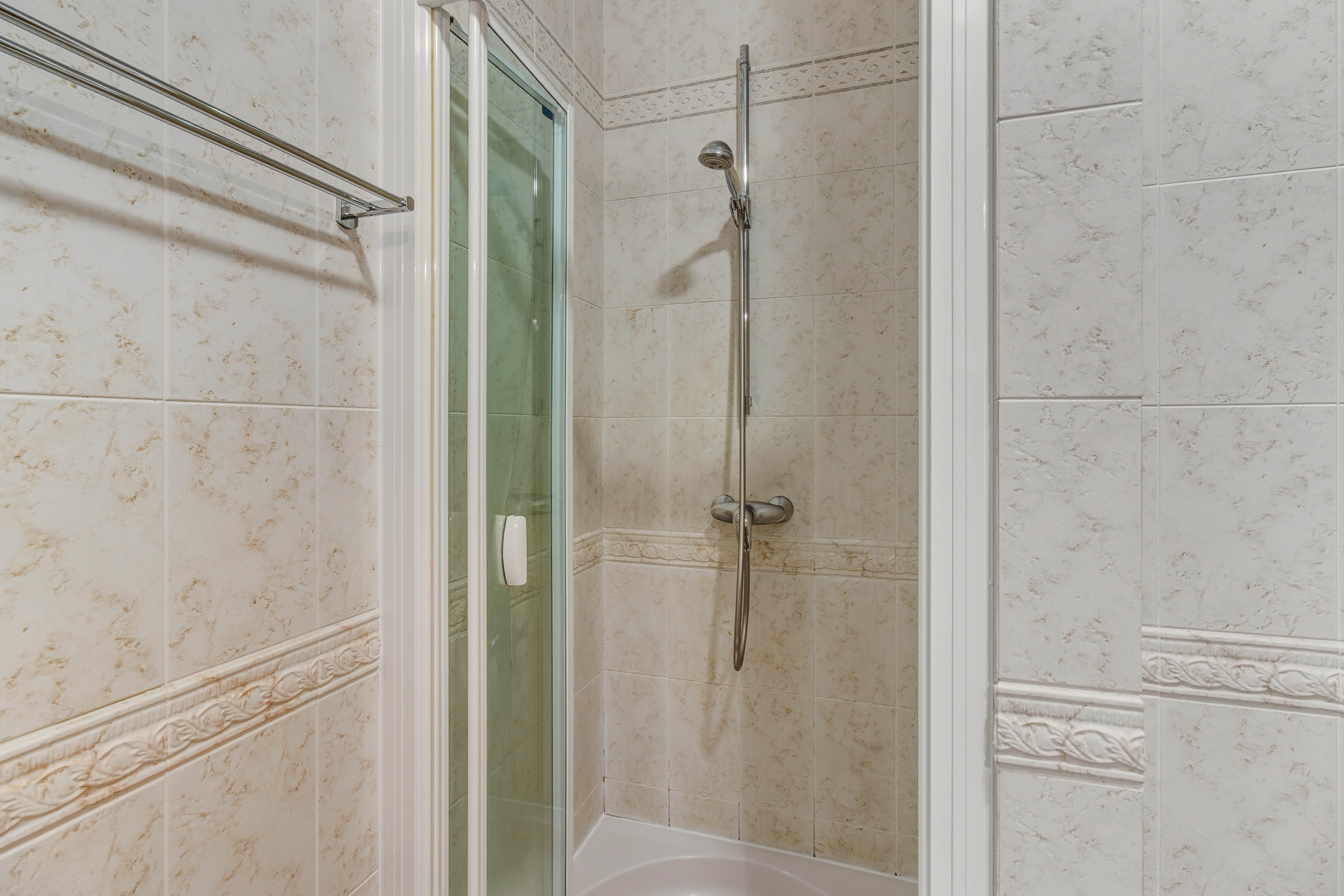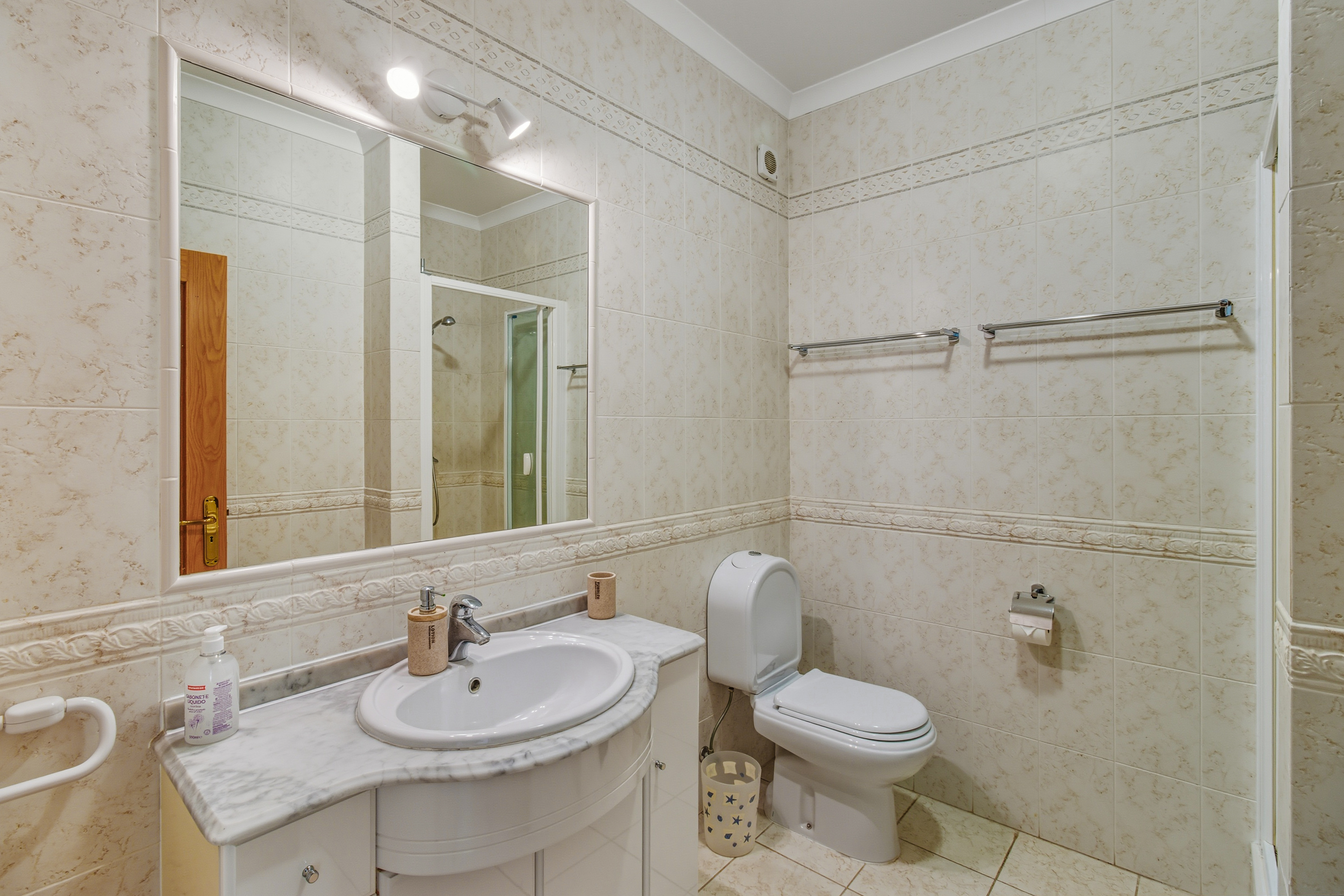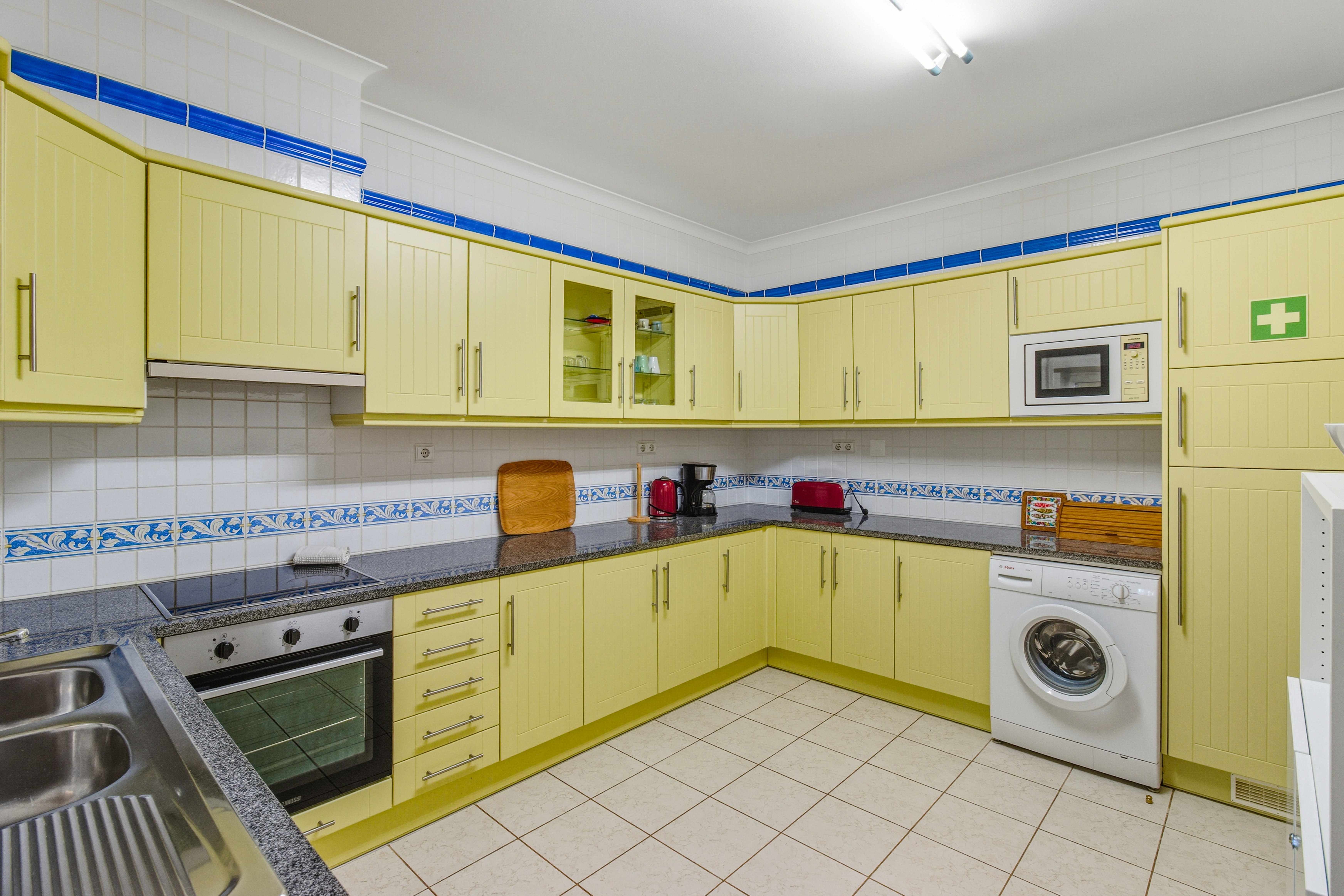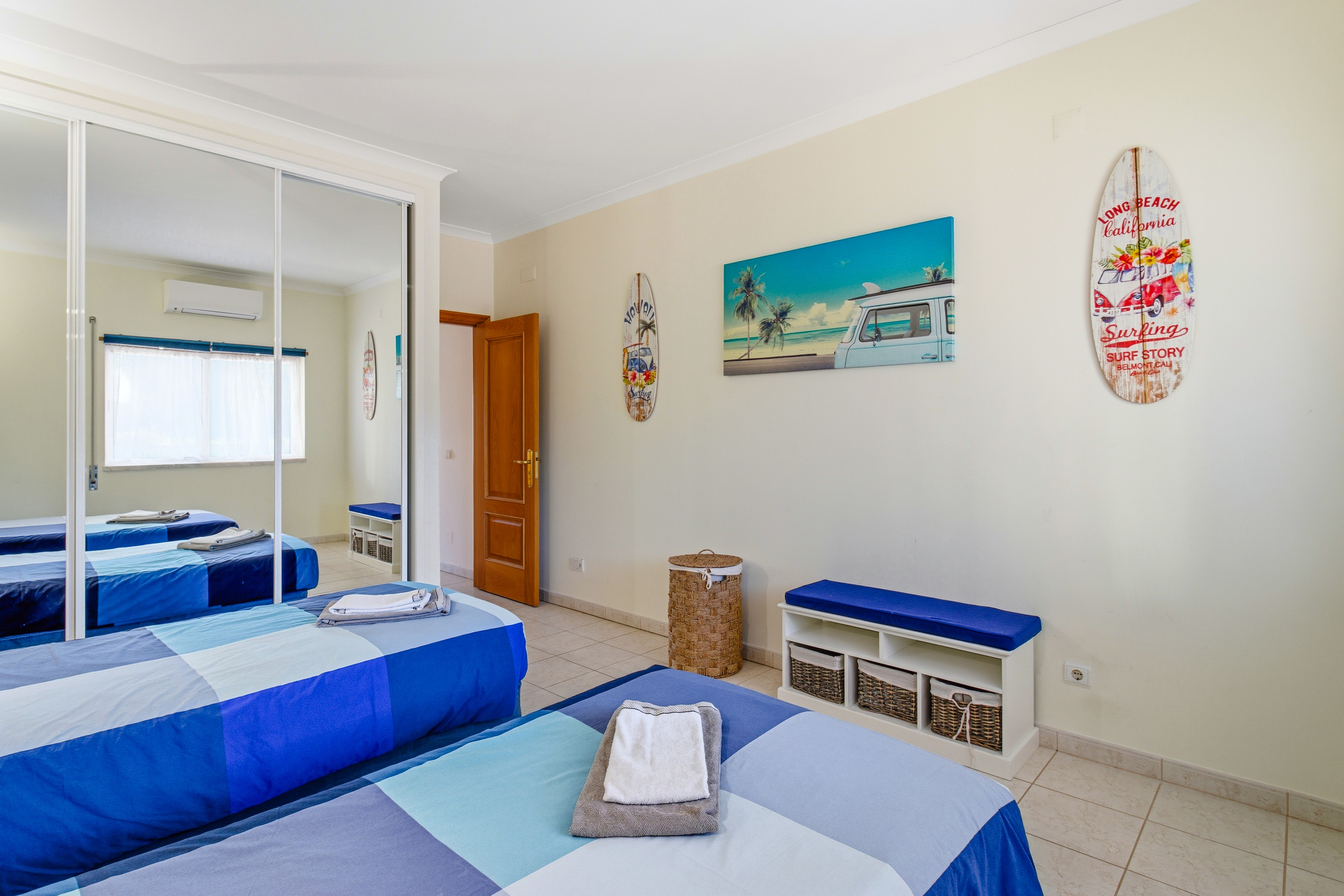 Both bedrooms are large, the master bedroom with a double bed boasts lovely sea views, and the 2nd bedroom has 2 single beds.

┄┄┄┄┄┄┄┄┄┄

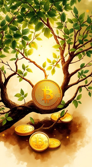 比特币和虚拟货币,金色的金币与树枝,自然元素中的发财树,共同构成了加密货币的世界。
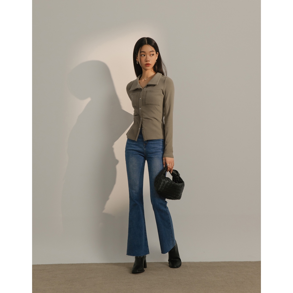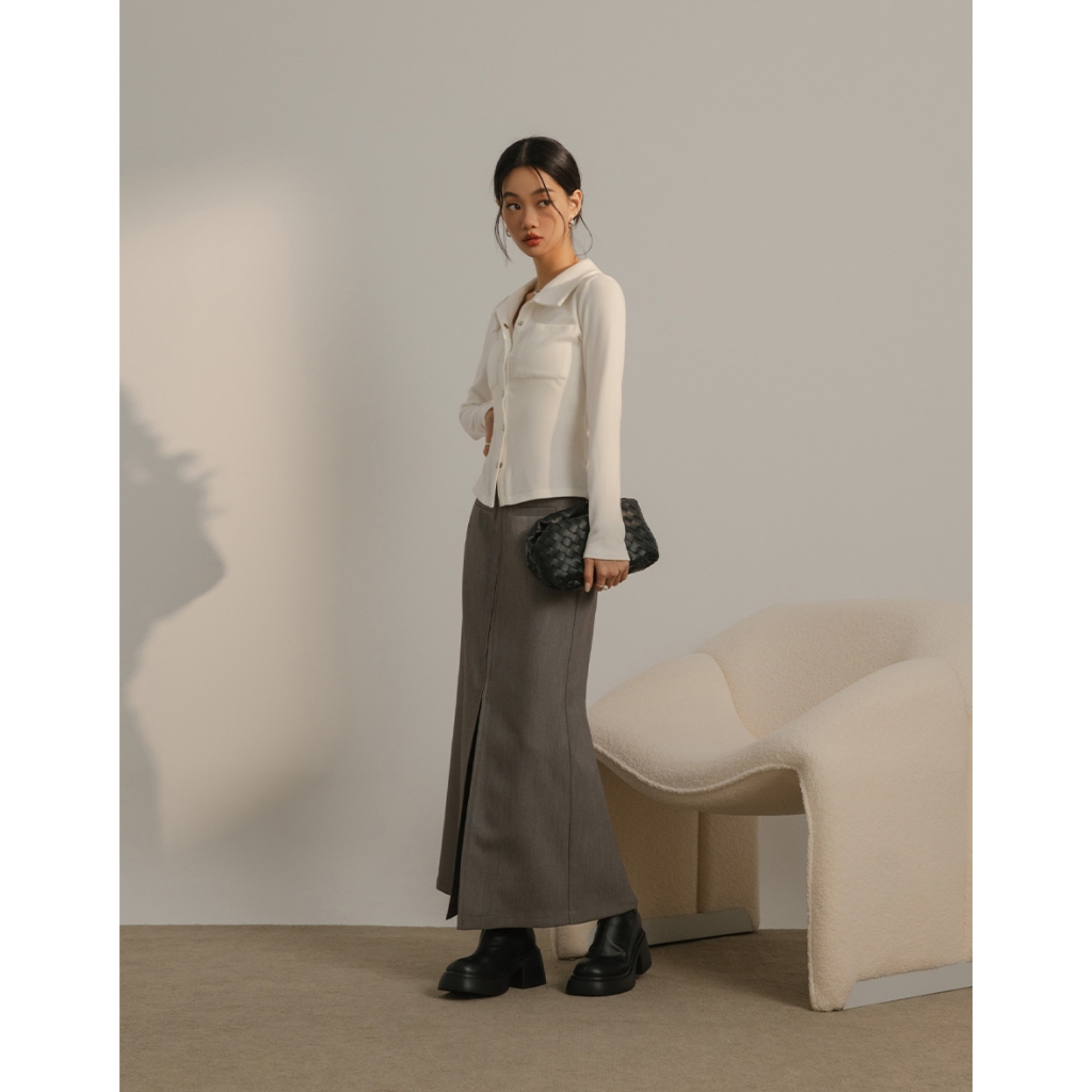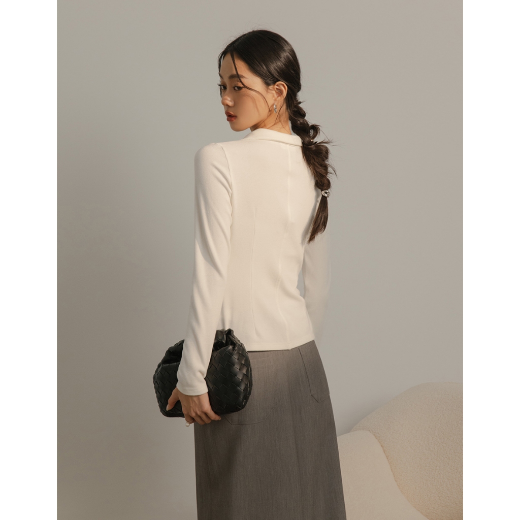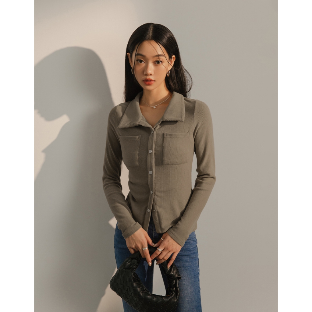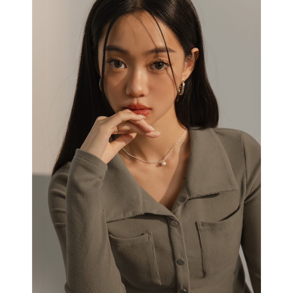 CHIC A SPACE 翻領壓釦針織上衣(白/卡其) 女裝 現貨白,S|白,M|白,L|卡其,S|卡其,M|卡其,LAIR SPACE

┄┄┄┄┄┄┄┄┄┄

INSTRUCTIONS TO FOLLOW: Leave the pictures out. Output, exactly, the lines of the material above starting at the line containing "比特币和虚拟货币,金色的金币" and ending at the line containing "CHIC A SPACE".

TASK ANSWER:
 比特币和虚拟货币,金色的金币与树枝,自然元素中的发财树,共同构成了加密货币的世界。
 CHIC A SPACE 翻領壓釦針織上衣(白/卡其) 女裝 現貨白,S|白,M|白,L|卡其,S|卡其,M|卡其,LAIR SPACE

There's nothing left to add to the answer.